The next time you stop at your local grocery store, I want you to take a mental note of something for me. How many times do you see the word, "skinny" on a product? Off the top of my head, I can think of "think thin" bars, skinny pop popcorn, skinnylicious meals, skinny lip balm, and skinny water. Think about that for a minute. IT'S WATER. Why would you need "skinny" on water or lip balm or anything not food-related? They didn't say "healthy." They said "skinny." That's because your brain quickly associates the word skinny as desirable, and you are more likely to buy said product. Companies that lead with this strategy know that word association can play a huge part in picking products, and they;re willing to bet on you to uphold the standard they've set.

Understanding that skinny and fat are simply descriptors and nothing more is one of the most important steps to developing a healthier body image and personal relationship to food. Health looks different on everyone, and someone who is fat can be healthy while someone skinny can be incredibly unhealthy. The point is, you don't know just by looking at a person. Everybody wants to stand out until they actually do, and then they want to know where they fit into. Breaking apart the concept that skinnier people are automatically healthier, happier, more successful, or desirable is just as important as breaking apart the idea that fat people are lazy and less worthwhile.

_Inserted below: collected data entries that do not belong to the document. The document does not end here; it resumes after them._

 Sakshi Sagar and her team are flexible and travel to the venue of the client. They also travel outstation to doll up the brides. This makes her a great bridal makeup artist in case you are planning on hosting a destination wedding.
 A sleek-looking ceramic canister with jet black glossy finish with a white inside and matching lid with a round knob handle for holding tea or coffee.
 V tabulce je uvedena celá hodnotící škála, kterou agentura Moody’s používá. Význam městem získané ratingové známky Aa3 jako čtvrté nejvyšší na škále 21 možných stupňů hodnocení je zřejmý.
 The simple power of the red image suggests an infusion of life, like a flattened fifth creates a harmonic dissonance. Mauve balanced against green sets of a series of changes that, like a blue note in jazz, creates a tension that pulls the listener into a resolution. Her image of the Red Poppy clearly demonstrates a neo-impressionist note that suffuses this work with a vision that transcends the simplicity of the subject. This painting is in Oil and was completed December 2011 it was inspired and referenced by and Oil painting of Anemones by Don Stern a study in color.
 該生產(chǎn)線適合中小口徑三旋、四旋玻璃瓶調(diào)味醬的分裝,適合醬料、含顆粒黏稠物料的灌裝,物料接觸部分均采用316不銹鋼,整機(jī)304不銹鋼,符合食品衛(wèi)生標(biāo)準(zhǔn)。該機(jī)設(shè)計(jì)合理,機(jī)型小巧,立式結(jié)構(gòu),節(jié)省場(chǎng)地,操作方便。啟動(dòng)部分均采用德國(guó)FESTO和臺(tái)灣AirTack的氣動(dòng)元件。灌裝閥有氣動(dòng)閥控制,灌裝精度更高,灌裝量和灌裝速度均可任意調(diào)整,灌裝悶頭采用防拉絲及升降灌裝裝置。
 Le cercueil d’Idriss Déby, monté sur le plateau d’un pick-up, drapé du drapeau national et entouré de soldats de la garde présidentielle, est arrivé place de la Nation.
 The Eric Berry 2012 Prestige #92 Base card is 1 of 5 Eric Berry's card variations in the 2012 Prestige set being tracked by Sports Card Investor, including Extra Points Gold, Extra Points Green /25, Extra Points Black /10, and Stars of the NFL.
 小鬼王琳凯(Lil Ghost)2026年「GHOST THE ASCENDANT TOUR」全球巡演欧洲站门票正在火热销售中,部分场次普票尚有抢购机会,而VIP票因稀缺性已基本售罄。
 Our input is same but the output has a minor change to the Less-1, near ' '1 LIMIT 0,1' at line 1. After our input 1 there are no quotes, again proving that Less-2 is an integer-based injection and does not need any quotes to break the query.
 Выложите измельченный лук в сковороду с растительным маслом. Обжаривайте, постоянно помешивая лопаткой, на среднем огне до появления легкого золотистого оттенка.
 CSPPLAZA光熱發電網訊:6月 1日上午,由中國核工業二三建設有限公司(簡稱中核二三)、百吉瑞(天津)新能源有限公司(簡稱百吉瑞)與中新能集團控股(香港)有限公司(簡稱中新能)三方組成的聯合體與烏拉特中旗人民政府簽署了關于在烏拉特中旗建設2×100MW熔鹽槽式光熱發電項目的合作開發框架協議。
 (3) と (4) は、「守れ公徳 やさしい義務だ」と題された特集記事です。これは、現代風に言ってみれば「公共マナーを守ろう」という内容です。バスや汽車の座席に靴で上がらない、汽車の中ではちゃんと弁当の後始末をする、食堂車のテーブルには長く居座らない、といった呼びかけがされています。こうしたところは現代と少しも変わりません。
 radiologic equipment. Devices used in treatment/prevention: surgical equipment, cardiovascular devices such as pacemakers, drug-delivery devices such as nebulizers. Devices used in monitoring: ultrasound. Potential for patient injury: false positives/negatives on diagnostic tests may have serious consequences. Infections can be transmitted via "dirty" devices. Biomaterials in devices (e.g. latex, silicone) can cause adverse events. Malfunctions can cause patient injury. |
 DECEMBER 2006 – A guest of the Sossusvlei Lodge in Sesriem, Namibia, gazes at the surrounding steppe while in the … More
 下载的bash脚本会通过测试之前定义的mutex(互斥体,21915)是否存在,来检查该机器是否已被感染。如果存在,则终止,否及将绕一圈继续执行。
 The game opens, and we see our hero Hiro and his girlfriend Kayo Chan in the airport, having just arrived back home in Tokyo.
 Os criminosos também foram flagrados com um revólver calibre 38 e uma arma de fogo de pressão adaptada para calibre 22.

I'd like to get to the point where "skinny" and "fat" are really just words. I'd like to see the day when skinny isn't a compliment and fat a nasty insult. By better understanding the lens with which we look at the world around us, we can make more educated, conscious choices. The culture will not change over night, and there will always be someone waiting to sell you an insecurity, but our best medicine is to be informed, and to apply what we learn in any small way we can. After all, change starts with you.